The researchers amended soils in three- by six-foot test plots with either 20 or 120 tons of beef cattle manure compost per acre. No manure was put on control plots. Then they applied switchgrass seed on all of the plots and took soil samples from the plots five times during the two-year study.

Two years after they amended the plots with the compost, White and his colleagues found that soils in the high-compost plots had significant increases in pH, plant-available phosphorus, total nitrogen, carbon, and available water. High-compost amendments also increased microbial biomass, enzyme activity, and nitrification potential, all of which create and support favorable conditions for plant establishment and growth.

“Nitrification potential is a sensitive indicator of stress because nitrifying bacteria are especially sensitive to toxic conditions,” White explains. “Soil microbes also produce the enzymes that convert organic phosphorus into an inorganic form that can be used by plants.”

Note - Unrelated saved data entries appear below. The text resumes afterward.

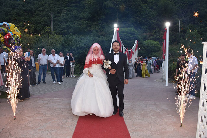 Mutlulukları gözlerinden okunan genç çiftler dostları ve arkadaşları ile bu mutlu günlerinde doyasıya eğlenirken, misafirler çalınan yöresel ezgiler eşliğinde genç çiftlerin mutluluklarına ortak oldular.
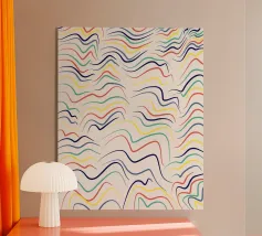 Questa opera d'arte digitale a linee parallele colorate è un pezzo di grande impatto visivo che mette in mostra l'uso di linee precise. L'artista (kathrinmay) utilizza linee di diversa lunghezza per creare un senso di dimensionalità, mentre l'uso dei colori crea equilibrio.
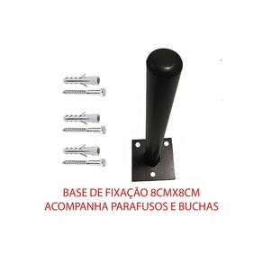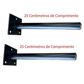 Dados Técnicos: - Produzida em Aço Galvanizado; - Dimensão: 25cm - Base de fixação: 3,0mm x 80mm x 80 mm - Diâmetro do Tubo: 25 mm 2,5 cm - Cor Preta Conteúdo: - 02 de suportes com parafusos e buchas de fixação em concreto.
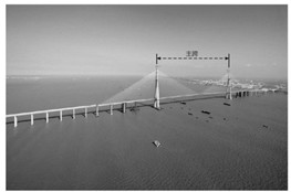 1、单选题 下图显示的长江大桥创造了多项世界记录:最大主跨(1088米)、最深桥基、最高桥塔和最长拉索。建造该桥经历的挑战气象条件差(面临台风等的威胁)、水文条件复杂(江面宽,水深,浪高)、基岩埋藏深(达300米)、航运密度高等。据此完l—2题。
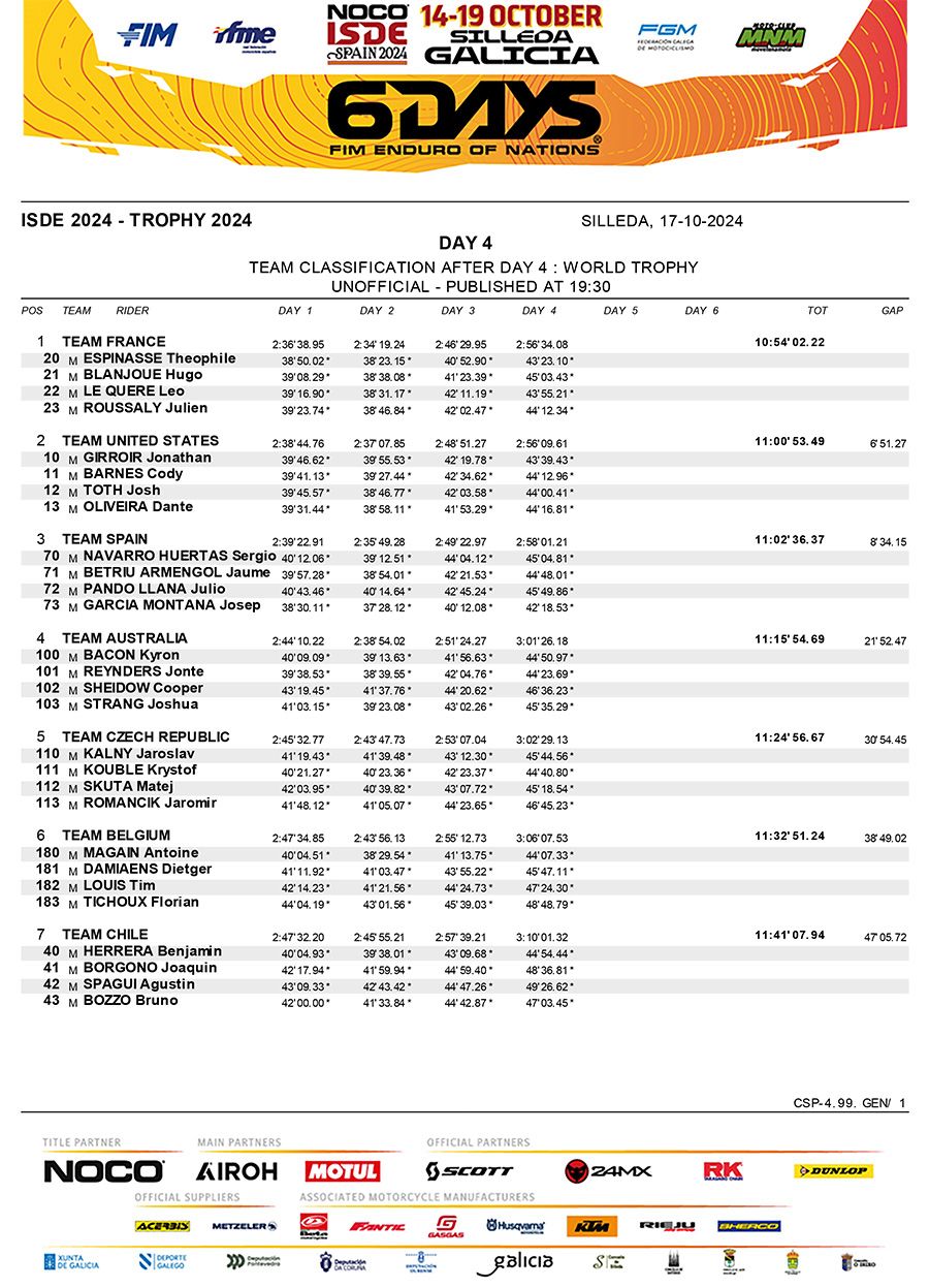 De vierde dag van de zesdaagse is opnieuw gewonnen door Josep Garcia. Ditmaal wist hij gedurende de dag een voorsprong van dertig seconden op te bouwen ten opzichte van Steve Holcombe. In de World Trophy blijft Frankrijk aan de leiding staan maar de Amerikanen hebben Spanje van de tweede plaats weten te verdringen.
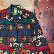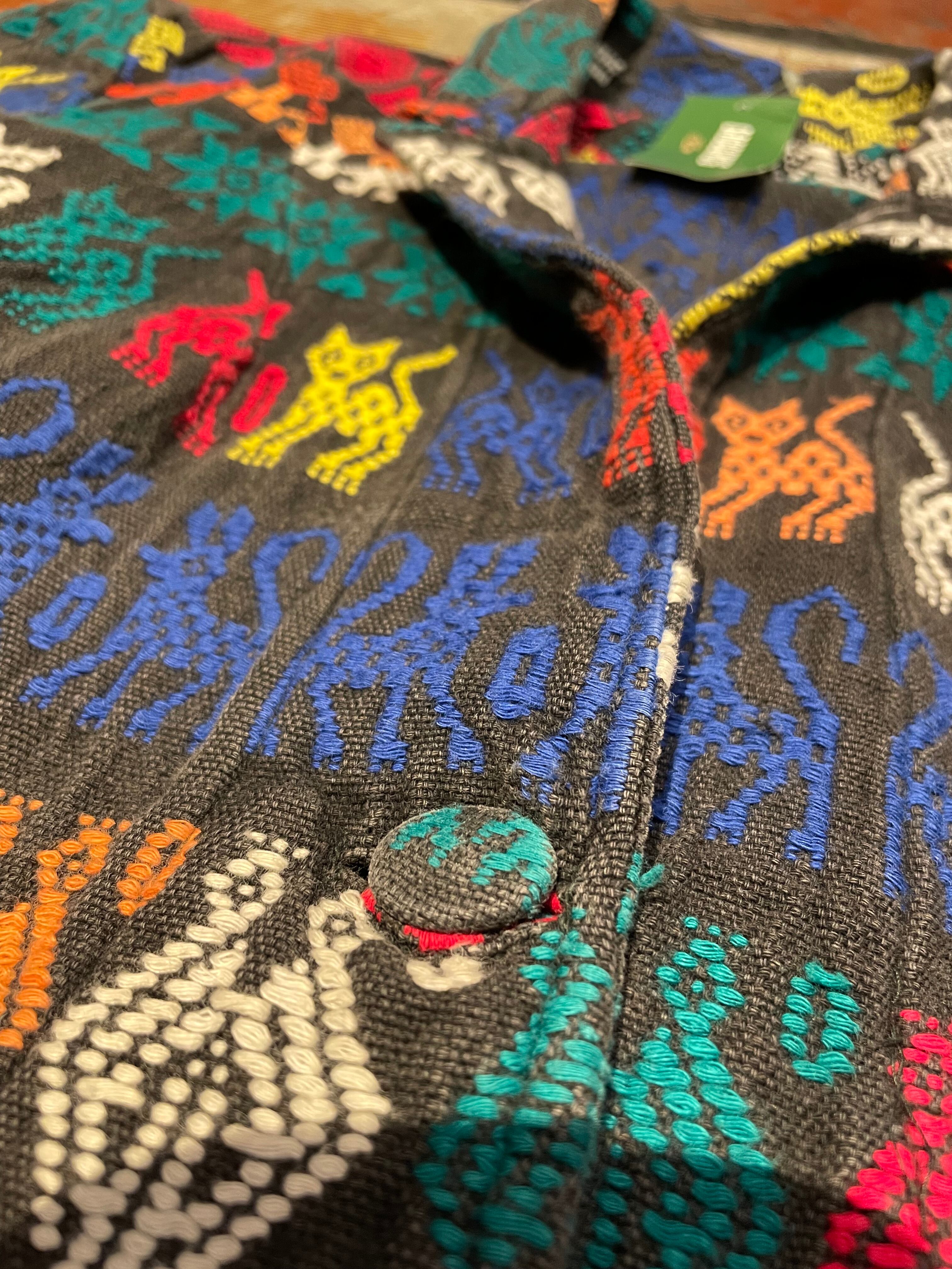 ガテマラらしいしっかりとした生地感に同柄くるみボタンで魅力的なアイテムです。
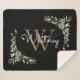 Elegant Script Black Gold Monogram Greenery Sherpa Blanket
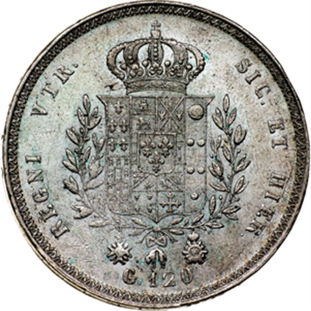 Monete e Medaglie di Zecche Italiane. Napoli. Francesco I (1825-1830). Piastra 1826, reimpressa. P.R. 9. MIR 476/3. AG. g. 27.35 RRR. BB+.
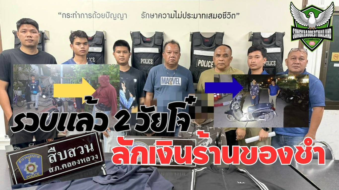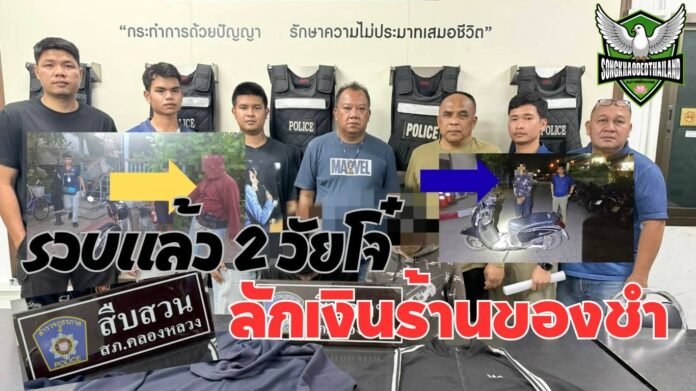 เจ้าหน้าที่ตำรวจ สภ.คลองหลวง จับกุมวัยรุ่น 2 ราย ก่อเหตุลักทรัพย์ภายในร้านขายของชำ หลังอาศัยจังหวะเจ้าของร้านเผลอหลับ กวาดเงินสดและลอตเตอรี่หลบหนี
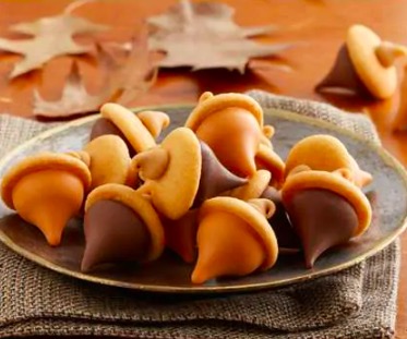 Place a small dab of icing on bottoms of peanut butter or butterscotch chips; immediately attach to tops of cookies to finish acorn.
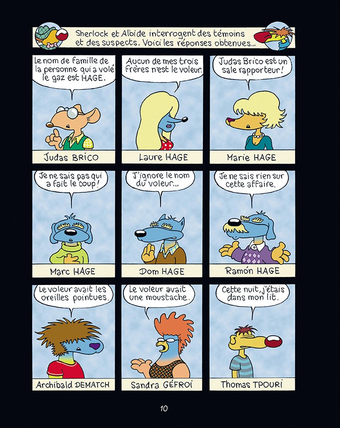 Résumé: Sherlock Latruffe est détective. Flanqué de son grand dadais d’assistant Albide, il mène des enquêtes, résout des énigmes, déchiffre des codes et crie « GIGAWATT » quant tout s’éclaire. Ceci dit, Sherlock apprécierait un peu d’aide… La tienne, notamment ! Alors observe bien les cases, écoute les alibis des suspects, note tous les détails, et tu parviendras à crier « GIGAWATT ! » avant Sherlock !
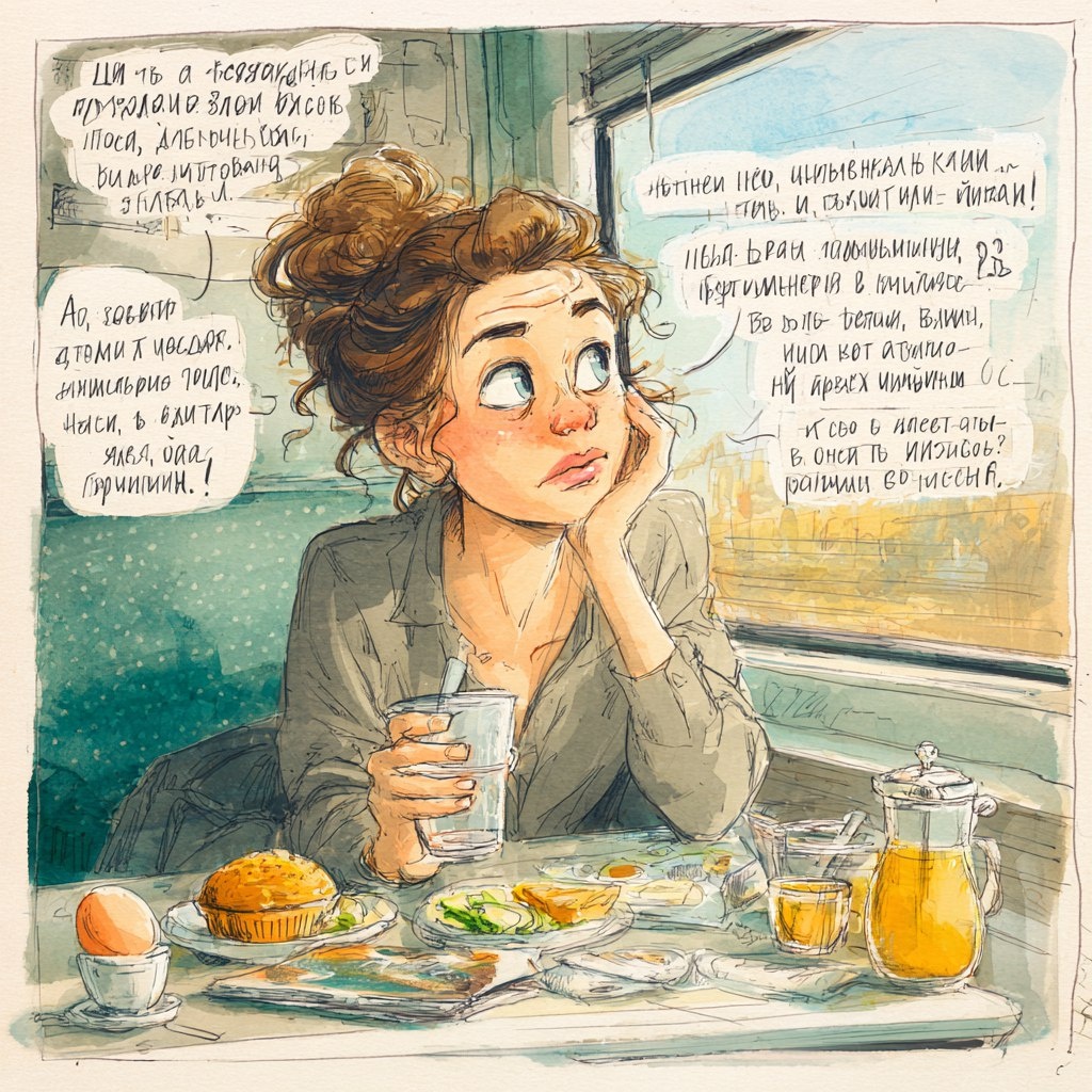 Глянула в зеркало — и чуть не распрощалась с самооценкой. На меня глядело нечто опухшее, с глазами где-то в глубине черепа. Это, кстати, потом стало моим стандартным «поездным лицом». Почему — загадка. Но факт.

In this study, the researchers also found that high rates of compost lowered lead and zinc availability by about 90 percent, which may reduce the amount of lead and zinc that could run off and pollute nearby waterways. This reduction occurred because heavy metals generally bind tightly to the organic matter in composted material, which limits their solubility and potential bioavailability in soil. Since high levels of bioavailable zinc inhibit plant growth, this binding action also helps to promote the establishment of a vegetative cover, which in turn can minimize runoff and soil erosion.

Given these findings, White and his partners think that adding composts to contaminated soils could help stabilize postmining sites. “The results strongly suggest that available soil carbon – which we were able to provide with the compost – may be a critical variable in establishing and maintaining a healthy microbial population in soils contaminated by similar mine wastes,” White says.